Ne consegue che nella specie per poter procedere alla determinazione del credito azionato dalla società correntista fin dall’inizio del rapporto, partendo dal cd. saldo zero, era necessario che gli attori in riconvenzionale producessero gli estratti conto, senza soluzione di continuità fin dal sorgere del rapporto medesimo. Tale produzione, indispensabile alla ricostruzione integrale del rapporto di dare avere intercorso tra le parti detratto l’indebito costituito dall’applicazione della vietata capitalizzazione trimestrale degli interessi e del tasso ultralegale degli stessi, è stata effettuata (come rilevato dall’istituto bancario) soltanto a partire dal 1/1/92. Pertanto, il dies a quo dal quale effettuare il calcolo del credito dei correntisti non poteva che prendere le mosse dalle risultanze del primo (in senso cronologico) estratto conto prodotto. Tale soluzione, correttamente posta in essere dal giudice di primo grado, è stata disattesa dal giudice di appello, il quale non ha fatto buon governo del regime probatorio fondato sull’art. 2697 c.c..

In conclusione l’unico motivo di ricorso principale deve essere accolto.

In ordine ai primi tre motivi di ricorso incidentale si deve osservare che dall’esame delle conclusioni formulate davanti alla Corte d’Appello dall’istituto bancario emerge la richiesta di una “totale riforma della sentenza impugnata” ovvero una censura volta a negare qualsiasi diritto di credito del correntista. L’ampia formulazione della domanda non contiene alcuna specifica contestazione relativa al riconoscimento della rivalutazione monetaria ex art. 1224 c.c., comma 2. Al riguardo secondo il costante orientamento di questa Corte “Nel caso di sentenza di condanna al pagamento di un debito pecuniario con interessi e rivalutazione, qualora l’appello del soccombente, pur investendo la pronuncia nella sua interezza, contenga specifici motivi solo sulla sussistenza del debito e nessuno, neppure subordinato, sul resto, al giudice di appello è inibito il riesame delle statuizioni accessorie relative agli interessi ed alla rivalutazione monetaria, rispetto ai quali vi è stata acquiescenza dell’appellante per effetto della indicata delimitazione delle ragioni della impugnazione” (Cass. 1502 del 2000; in precedenza: 11877 del 1993 e 709 del 1980). Nella specie dall’esame delle conclusioni della parte appellante (riprodotte a pag. 9 del controricorso) è agevole rilevare che il motivo è rivolto esclusivamente alla rideterminazione del saldo di conto corrente, esclusivamente sotto il profilo del capitale e della determinazione ed applicazione degli interessi anatocistici ma senza alcun riferimento neanche indiretto alla voce accessoria della rivalutazione monetaria. Ne consegue che la statuizione ad essa relativa contenuta nella sentenza di primo grado, deve ritenersi passata in giudicato. La Corte d’Appello ha, invece, espressamente escluso la rivalutazione monetaria, pur non esplicitandone le ragioni in motivazione, nonostante l’intervenuto giudicato sul punto e la mancata formulazione di un motivo specifico relativo a tale voce di credito. Il quarto motivo di ricorso incidentale deve ritenersi assorbito dall’accoglimento del ricorso principale e dei primi tre motivi di ricorso incidentale.
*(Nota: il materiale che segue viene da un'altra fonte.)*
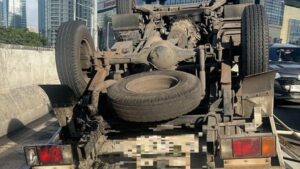 Kecelakaan tunggal melibatkan sebuah truk pengangkut galon air mineral terjadi di Jalan Layang Non-Tol (JLNT) Kampung Melayu-Tanah Abang, Jakarta Selatan, Rabu (23/4/2025) sore. Truk tersebut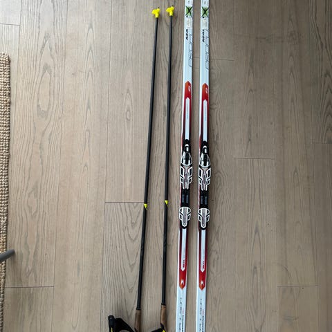 192cm långa, fina belag och Rottefella bindning sitter på.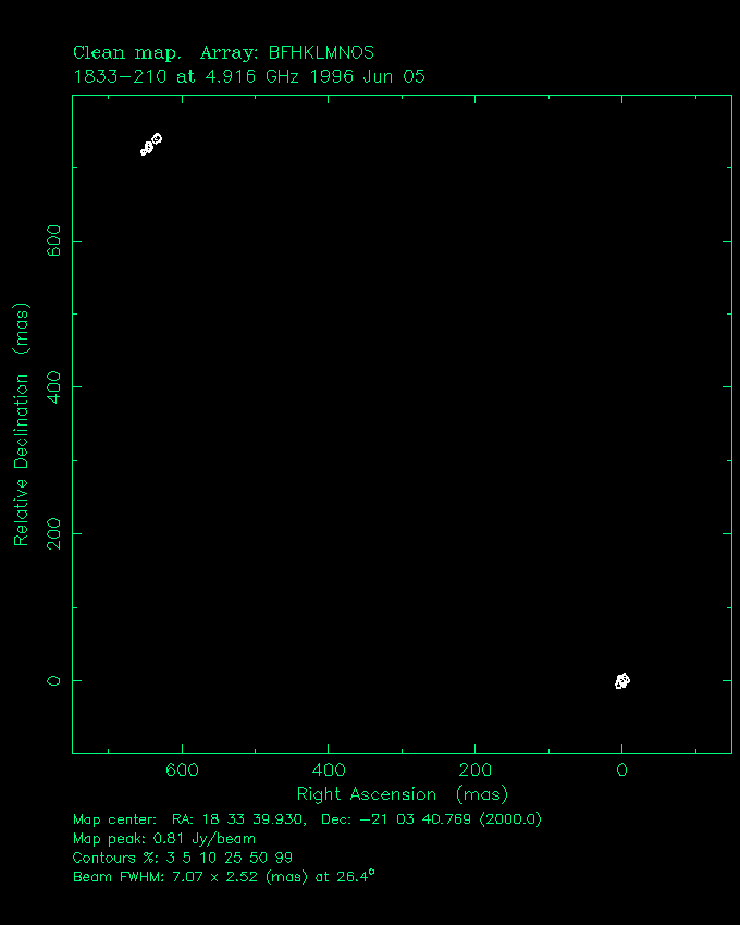 | 1830-211 | 18 h 33 m 39.886 s * | -21 ° 3 ´ 40.57 " | 7.9 Jy | quasar | 2.507 |

Non essendo necessari ulteriori accertamenti di fatto, alla cassazione della sentenza impugnata consegue la decisione di merito ex art. 384 c.p.c., comma 2, con la conferma integrale della sentenza di primo grado sia in ordine alla sorte che agli accessori e il rigetto degli appelli principale ed incidentale.

Per quanto riguarda le spese legali e le spese relative alla consulenza tecnica d’ufficio, deve, conseguentemente, essere confermata integralmente la statuizione su di esse contenuta nella sentenza di primo grado mentre deve procedersi alla compensazione integrale di quelle d’appello e di quelle di legittimità in considerazione del complessivo andamento del giudizio.

PQM

Accoglie il ricorso principale ed i primi tre motivi del ricorso incidentale, assorbito il quarto. Cassa la sentenza impugnata e, decidendo nel merito, rigetta gli appelli principale ed incidentale.

Dichiara compensate le spese processuali dei gradi di appello e di legittimità.

Così deciso in Roma, nella Camera di consiglio, il 21 settembre 2016.